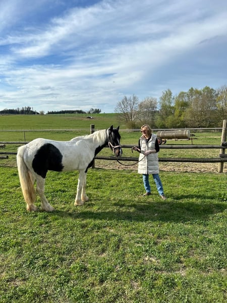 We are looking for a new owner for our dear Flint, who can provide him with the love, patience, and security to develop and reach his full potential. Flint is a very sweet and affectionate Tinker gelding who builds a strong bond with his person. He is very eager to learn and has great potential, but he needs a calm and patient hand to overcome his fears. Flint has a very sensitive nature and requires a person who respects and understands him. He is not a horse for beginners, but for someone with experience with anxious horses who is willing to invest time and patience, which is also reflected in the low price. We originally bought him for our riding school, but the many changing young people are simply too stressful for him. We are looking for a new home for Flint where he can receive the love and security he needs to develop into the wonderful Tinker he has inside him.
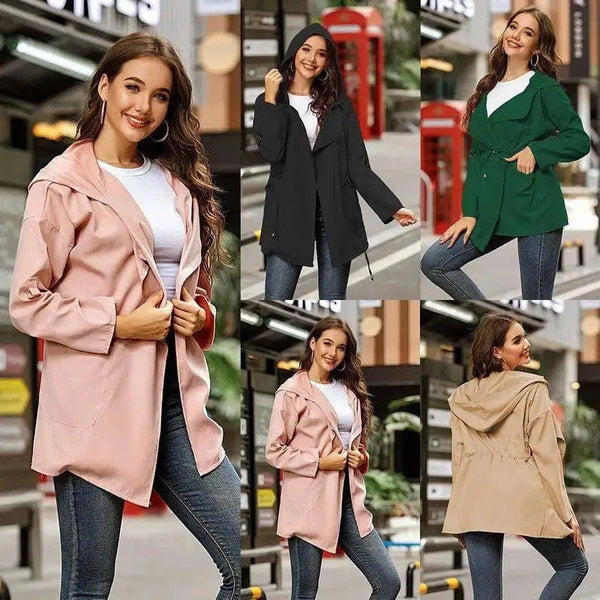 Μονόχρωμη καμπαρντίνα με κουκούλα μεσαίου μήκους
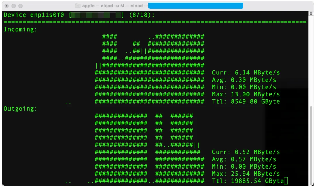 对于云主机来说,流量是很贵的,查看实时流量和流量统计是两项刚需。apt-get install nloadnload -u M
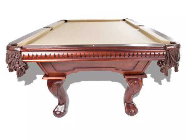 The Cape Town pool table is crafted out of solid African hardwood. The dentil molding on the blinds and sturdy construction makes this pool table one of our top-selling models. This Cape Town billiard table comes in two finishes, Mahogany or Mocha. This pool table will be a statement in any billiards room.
* * *
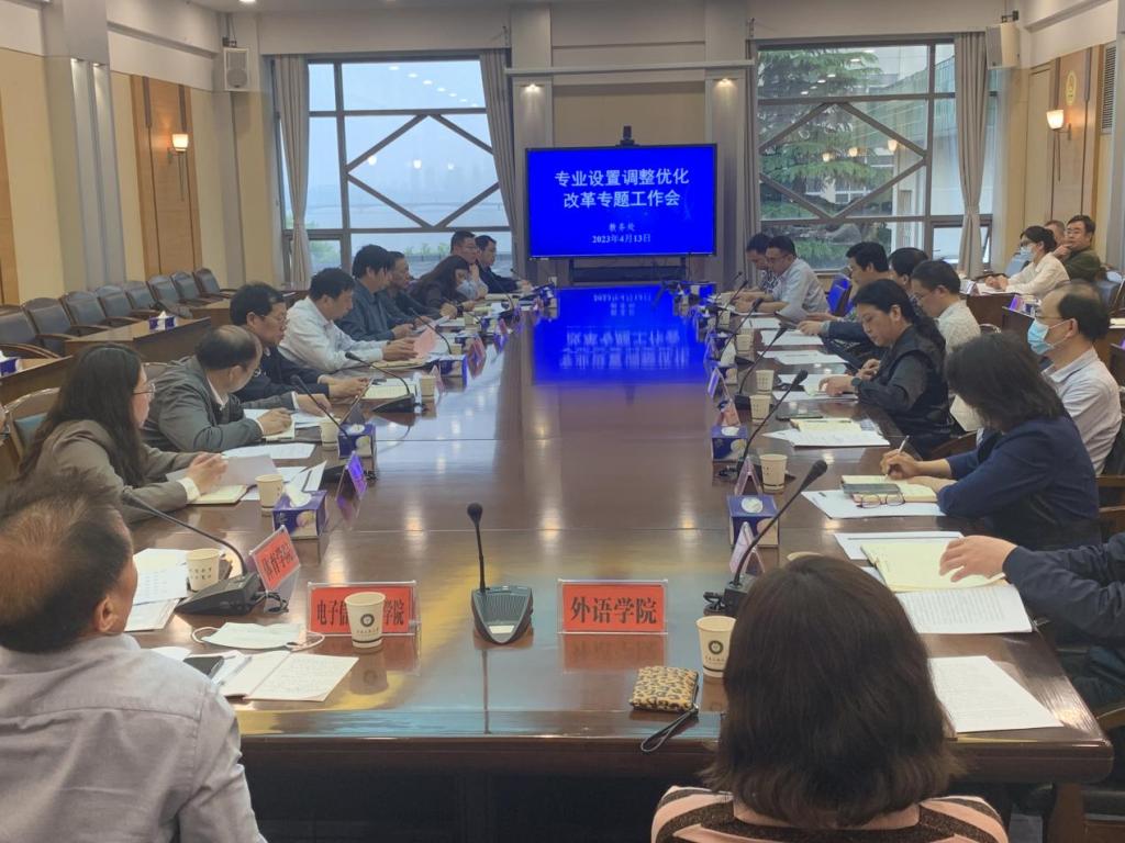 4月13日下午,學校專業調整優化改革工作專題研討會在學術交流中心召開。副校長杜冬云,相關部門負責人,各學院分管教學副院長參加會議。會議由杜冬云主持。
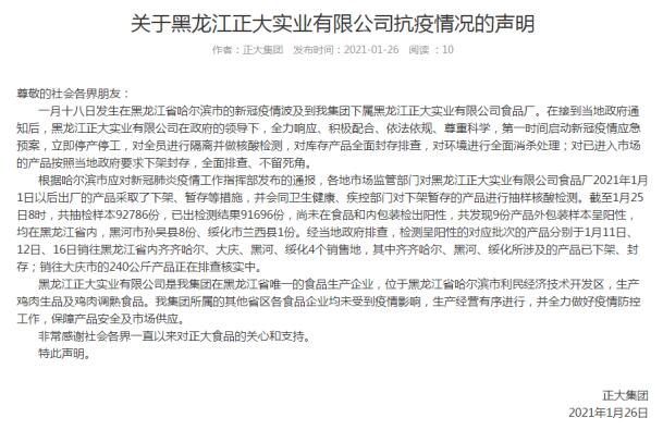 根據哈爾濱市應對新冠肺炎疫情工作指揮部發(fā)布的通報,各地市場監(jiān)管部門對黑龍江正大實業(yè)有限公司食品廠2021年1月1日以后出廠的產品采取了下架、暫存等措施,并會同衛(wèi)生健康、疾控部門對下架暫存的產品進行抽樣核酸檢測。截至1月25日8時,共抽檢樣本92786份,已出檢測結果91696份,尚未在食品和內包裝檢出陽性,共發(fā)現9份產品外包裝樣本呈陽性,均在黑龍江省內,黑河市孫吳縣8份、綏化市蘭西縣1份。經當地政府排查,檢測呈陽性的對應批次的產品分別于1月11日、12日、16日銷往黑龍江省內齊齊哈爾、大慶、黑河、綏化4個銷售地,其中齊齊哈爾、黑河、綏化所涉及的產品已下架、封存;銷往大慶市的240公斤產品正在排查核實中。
--
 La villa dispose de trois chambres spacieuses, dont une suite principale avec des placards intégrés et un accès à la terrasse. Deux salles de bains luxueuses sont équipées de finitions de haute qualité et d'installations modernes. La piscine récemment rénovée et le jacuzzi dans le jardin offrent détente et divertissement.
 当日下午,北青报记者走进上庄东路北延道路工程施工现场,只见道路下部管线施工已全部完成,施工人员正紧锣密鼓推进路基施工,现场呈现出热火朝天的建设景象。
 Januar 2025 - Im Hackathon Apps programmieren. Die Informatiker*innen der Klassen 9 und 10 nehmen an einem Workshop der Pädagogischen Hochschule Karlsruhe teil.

# Directions for this task:
Lines wanted from the entries above: the one with "We are looking for a new owner", the one with "对于云主机来说,流量是很贵的,查看实时流量和流量统计是两项刚需。apt-get install nloadnload", and all lines between. Please copy them exactly, without the pictures and without anything else.

# Problem solution:
 We are looking for a new owner for our dear Flint, who can provide him with the love, patience, and security to develop and reach his full potential. Flint is a very sweet and affectionate Tinker gelding who builds a strong bond with his person. He is very eager to learn and has great potential, but he needs a calm and patient hand to overcome his fears. Flint has a very sensitive nature and requires a person who respects and understands him. He is not a horse for beginners, but for someone with experience with anxious horses who is willing to invest time and patience, which is also reflected in the low price. We originally bought him for our riding school, but the many changing young people are simply too stressful for him. We are looking for a new home for Flint where he can receive the love and security he needs to develop into the wonderful Tinker he has inside him.
 Μονόχρωμη καμπαρντίνα με κουκούλα μεσαίου μήκους
 对于云主机来说,流量是很贵的,查看实时流量和流量统计是两项刚需。apt-get install nloadnload -u M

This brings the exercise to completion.